### Action item:
The task for the listing below is to write out exactly the lines starting at the one containing "Custom Stitched Black" and ending at the one containing "Przed uruchomieniem urządzenia", both included. Pictures are to be omitted.

### Exercise inputs:
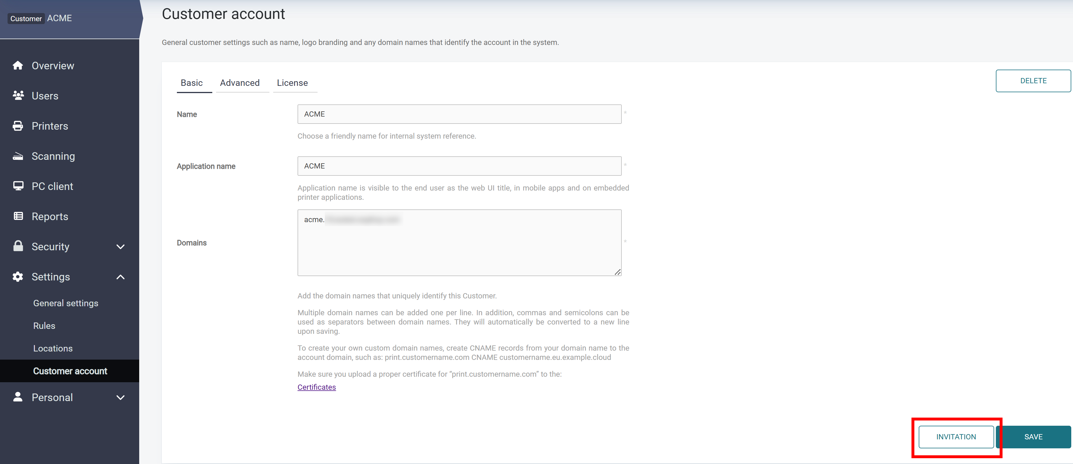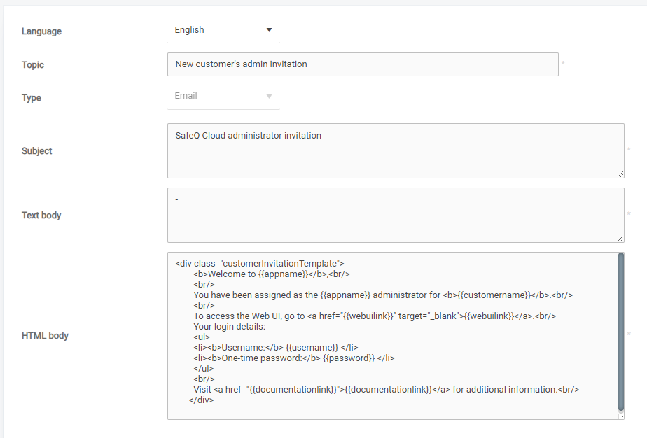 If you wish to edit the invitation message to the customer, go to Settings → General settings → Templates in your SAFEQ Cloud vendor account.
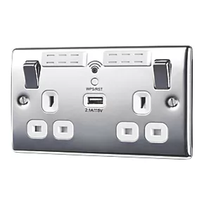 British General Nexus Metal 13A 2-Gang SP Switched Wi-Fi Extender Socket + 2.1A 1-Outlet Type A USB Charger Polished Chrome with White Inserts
* * *
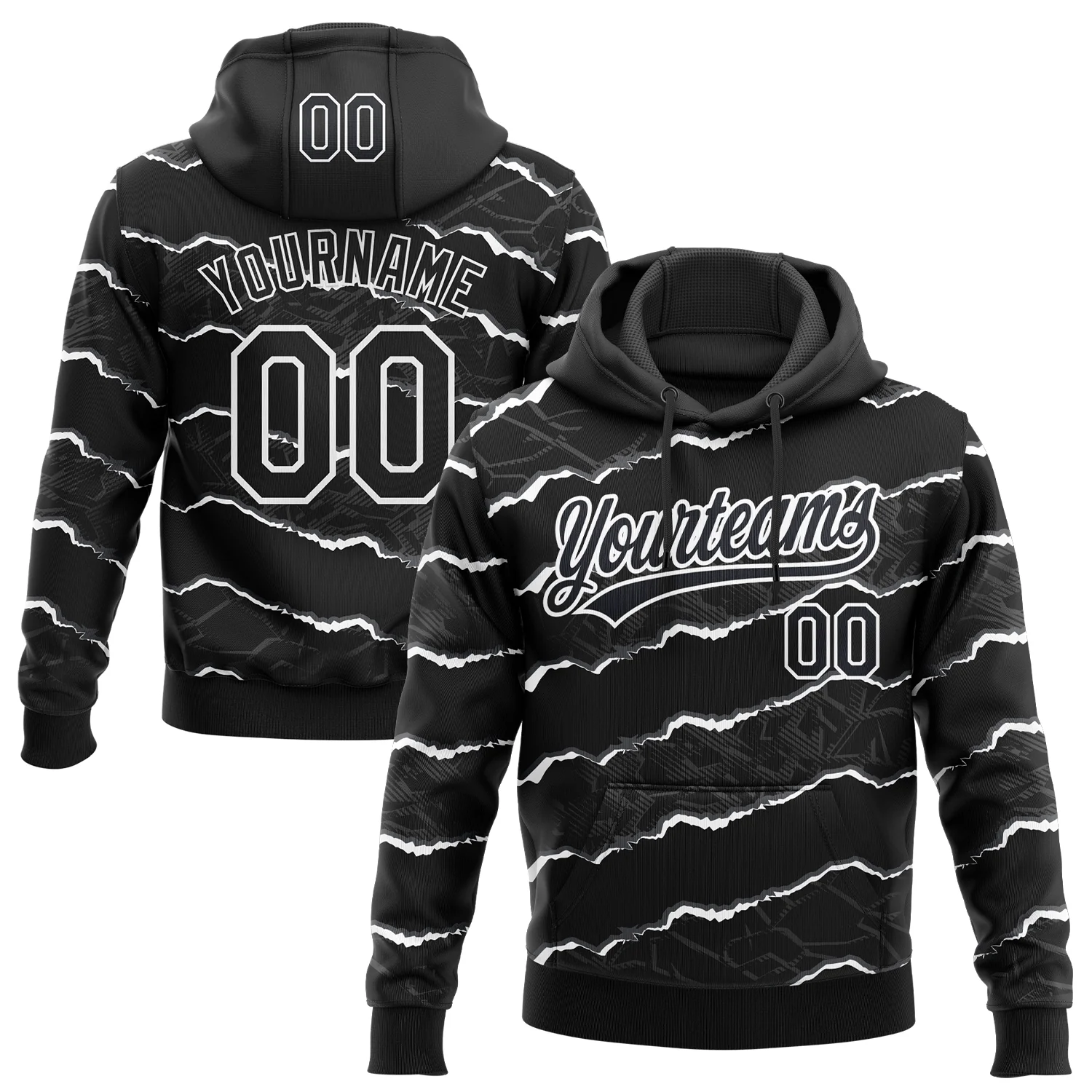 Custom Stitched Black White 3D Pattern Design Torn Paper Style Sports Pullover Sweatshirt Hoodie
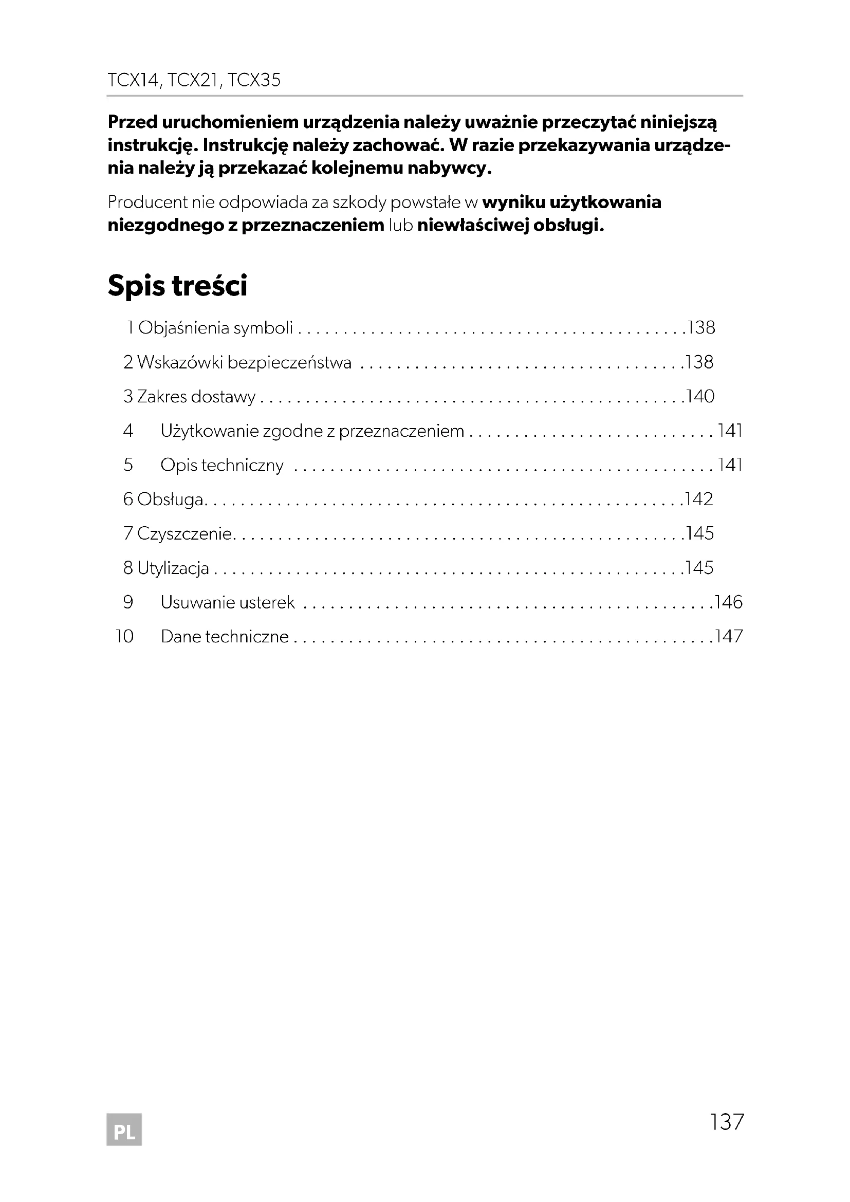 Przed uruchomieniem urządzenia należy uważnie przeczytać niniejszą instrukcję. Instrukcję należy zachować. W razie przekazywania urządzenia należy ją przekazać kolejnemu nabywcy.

### Result of this task:
 Custom Stitched Black White 3D Pattern Design Torn Paper Style Sports Pullover Sweatshirt Hoodie
 Przed uruchomieniem urządzenia należy uważnie przeczytać niniejszą instrukcję. Instrukcję należy zachować. W razie przekazywania urządzenia należy ją przekazać kolejnemu nabywcy.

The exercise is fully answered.